Banks and brokerages from Seoul to Sydney were affected by the outage, with analysts saying that even though a single glitch can trigger global problems, there is little choice but to rely on this underwater network.

"Right now, there's no other network that can compete with submarine fibre-optic cables in terms of reliability," said Jin Chang-whan, an analyst at CJ Investment & Securities in Seoul.

The cables, which for the most part lie unprotected on the ocean floor, can be damaged by ship anchors, fish nets that scrape the sea bottom and even in one case, sharks that gnawed on a line apparently due to its electromagnetic pulse, said policy think tank Rand Corporation (www.rand.org) in a recent report.

The report predicted troubles in Taiwan could lead to major disruptions because it would be difficult to reroute data overland on the island.

Experts said there should be few problems in the cable systems as long as there are backup routes and carriers can cooperate in times of crisis.

Analysts said the disruption showed that most of the region's cable networks run along earthquake prone geographic zones.

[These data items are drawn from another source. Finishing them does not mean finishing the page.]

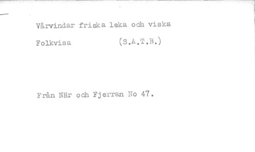 //// Vårvindar friska leka och viska Folkvisa (S.A.T.B.) //// Från När och Fjerran No 47.
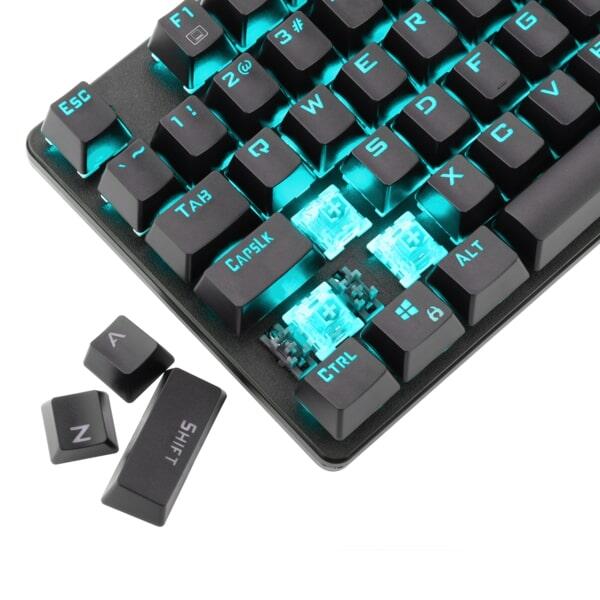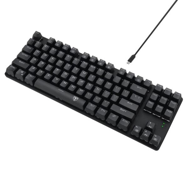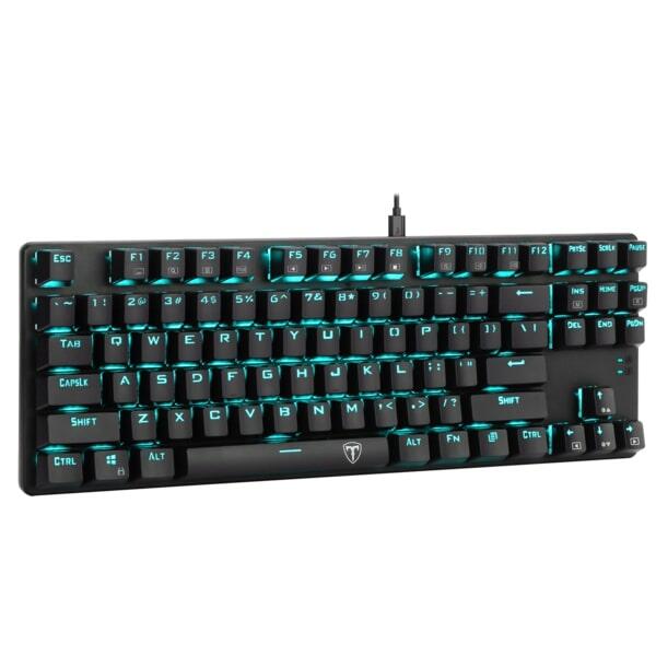 Tastatura mecanica T-Dagger Bora V2 iluminare Ice Blue switch-uri albastre, toate tastele fara conflict (n-key rollover), switch-uri albastre ET, iluminare LED Ice Blue, 6 taste multimedia, tasta WIN poate fi dezactivata in timpul jocurilor, taste durabile (double shot inject), conector USB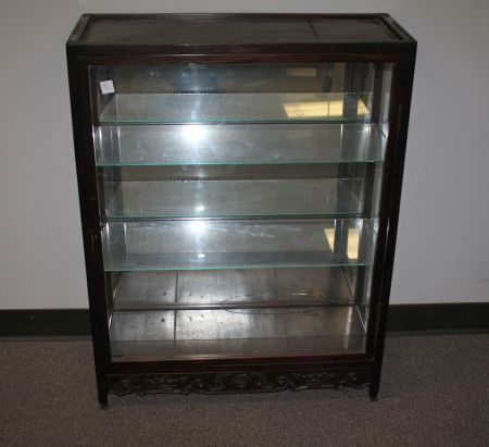 Glass Bookcase with two glass shelves; 36" h., 28" w., 11 1/2" d. Glass Bookcase with two glass shelves; 36" h., 28" w., 11 1/2" d.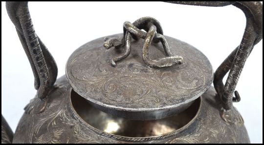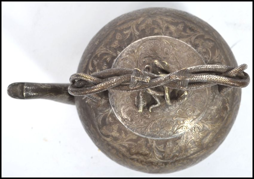 A vintage early 20th century silver white metal Persian / Islamic tea pot having an chased decorated bulbous body with snake cobra handle and finial to lip. Measures: 16cm high x 18cm deep x 13cm wide.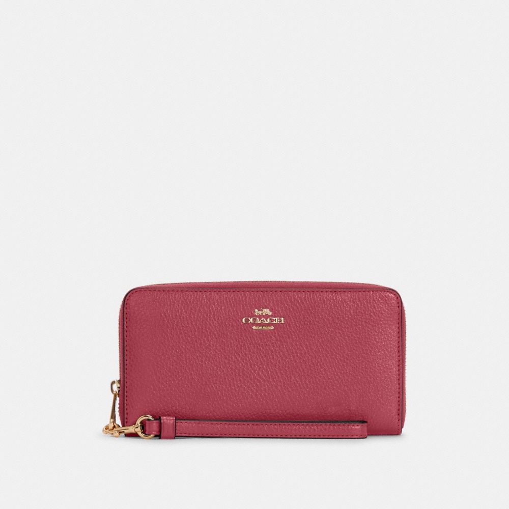 Wenn Sie eine besonders geräumige Geldbörse suchen, greifen Sie zu unserem langen Portemonnaie mit Rundumreißverschluss aus edlem, strukturiertem Leder. Mit einem abnehmbaren Handgelenkriemen und einer innenliegenden Münztasche ist es das ultimative Portemonnaie für unterwegs. Das praktische Design verfügt über 12 Kreditkartenfächer und durchgehende Geldscheinfächer und bietet sogar Platz für jedes beliebige iPhone oder Samsung-Galaxy-Handy. Mit diesem praktischen Lieblingsstück bleiben all Ihre Dinge geordnet und sicher.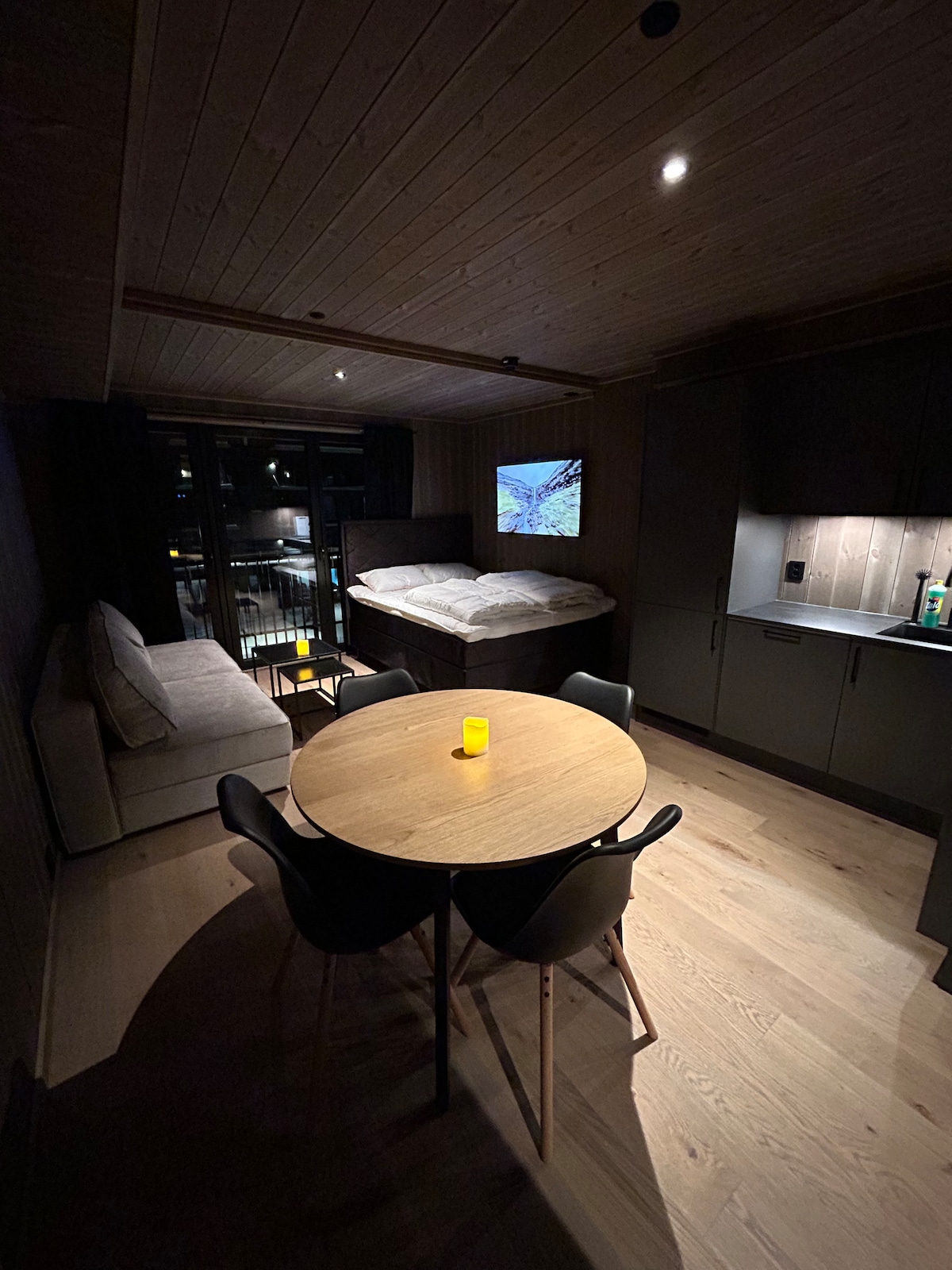 Apartament studio nou în Fjellandsbyen, care este situat foarte central, cu stațiunea de schi, après-ski, restaurante, magazine și multe facilități în imediata vecinătate. Aici ai, de asemenea, acces la o sală de gimnastică nouă și excelentă la etajul 1, are, de asemenea, propriul dulap pentru schiuri pentru apartamentul de la etajul 1. În același timp, există și parcare în garajul fierbinte cu lift până la apartament. Apartamentul este dotat cu toate ustensilele de bucătărie necesare, hârtie igienică, săpun de mâini, plapume și perne și tot ce este necesar pentru curățenie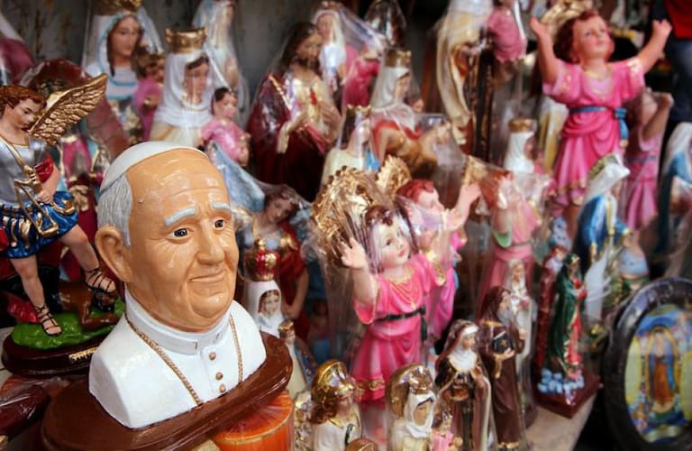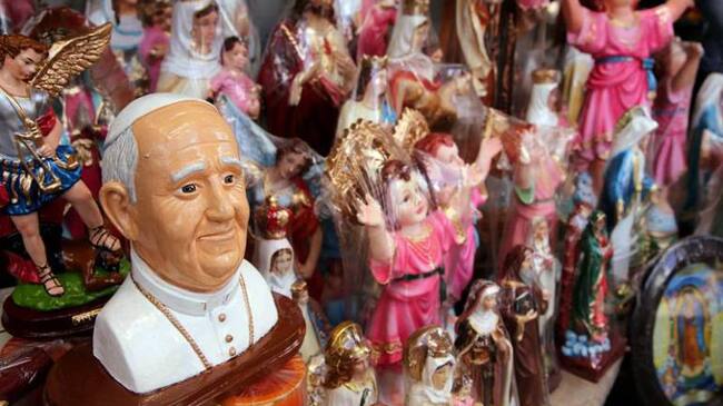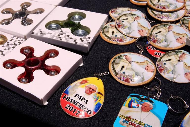 Productos del Papa Francisco en una venta callejera en la Iglesia Divino Niño del 20 de Julio en Bogotá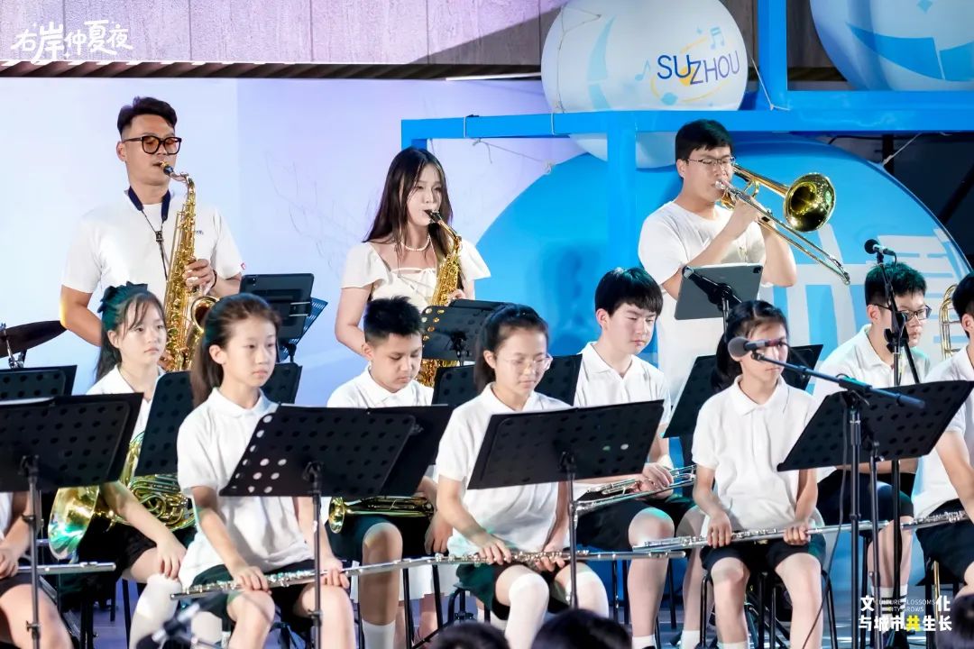 聚光燈下,蘇州工業(yè)園區(qū)青少年交響樂團(tuán)、蘇州工業(yè)園區(qū)青少年交響樂團(tuán)教師樂隊(duì)、圓融·花季青少年藝術(shù)團(tuán)、小白帆合唱團(tuán)多支優(yōu)秀青少年藝術(shù)團(tuán)體聯(lián)袂獻(xiàn)藝,“小小演奏家”們以純粹的熱愛與專業(yè)的演繹,為市民游客帶來了一場酣暢淋漓的夏夜音樂體驗(yàn)。
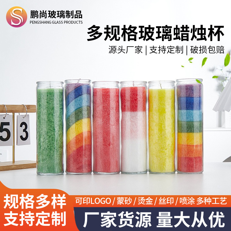 批发透明玻璃蜡烛台蜡烛杯七天烛台耶稣教堂直筒喷色多种规格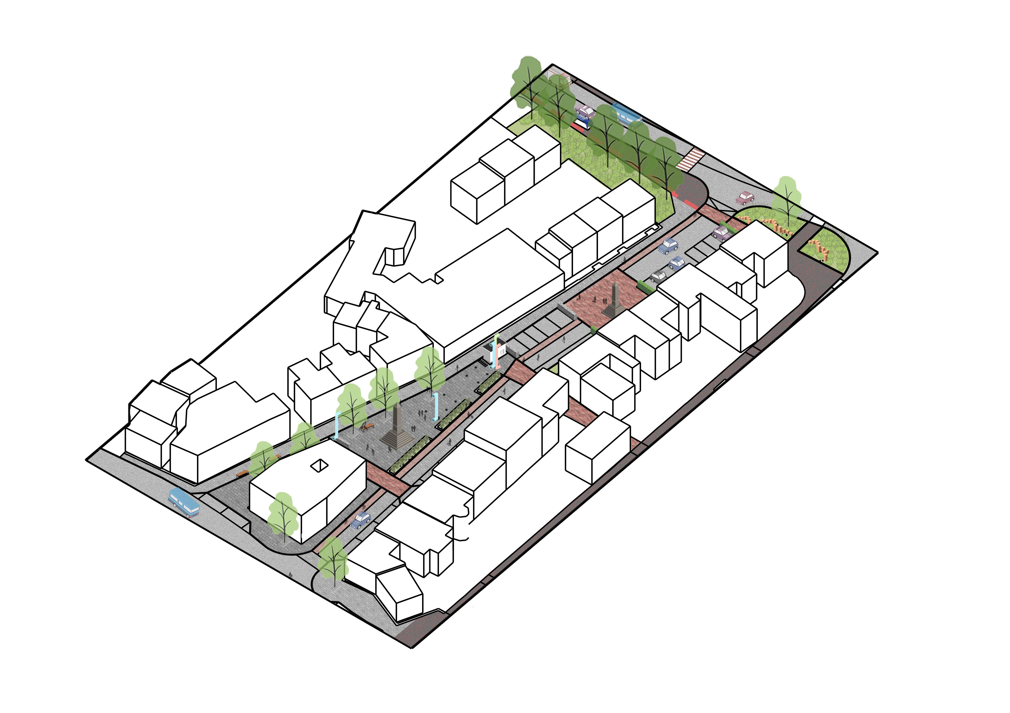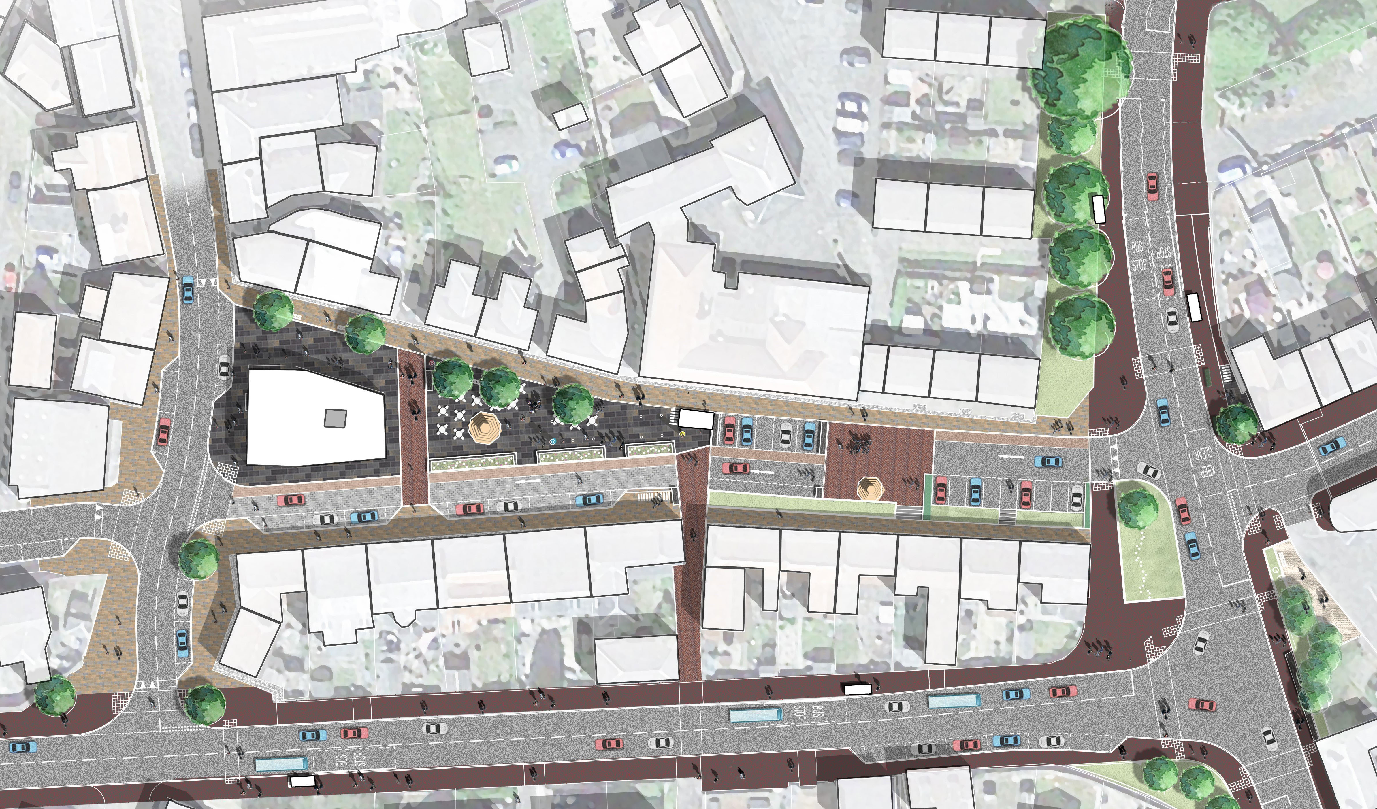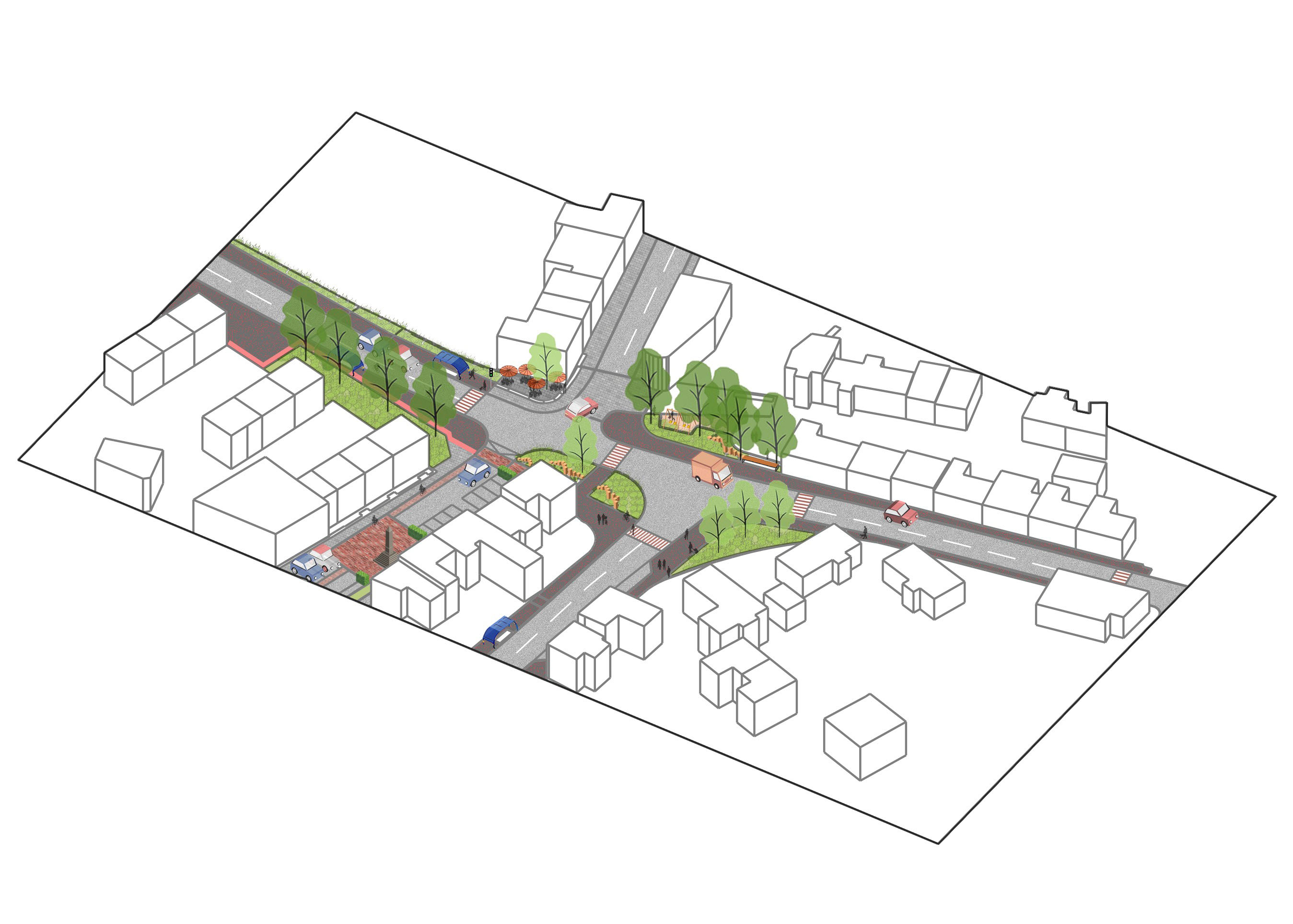 To maximise the environmental improvements and use of the High Street, it is proposed that several design solutions are implemented, these respond to best practice in Landscape Architecture. Including a multi-functional and flexible people space at the heart of the community.

"People will start to say we can't let this happen again," said Frank Dzubeck, president of Washington D.C. based telecoms consultancy Communications Networks Architects.

"The issue here is parallelism. You've really got to have multiple paths. You can't lay all the cables in the same place."

Dzubeck added that the Internet bust in 2001 had hit expensive plans by various companies to lay undersea cables along new paths that were less likely to be affected by earthquakes.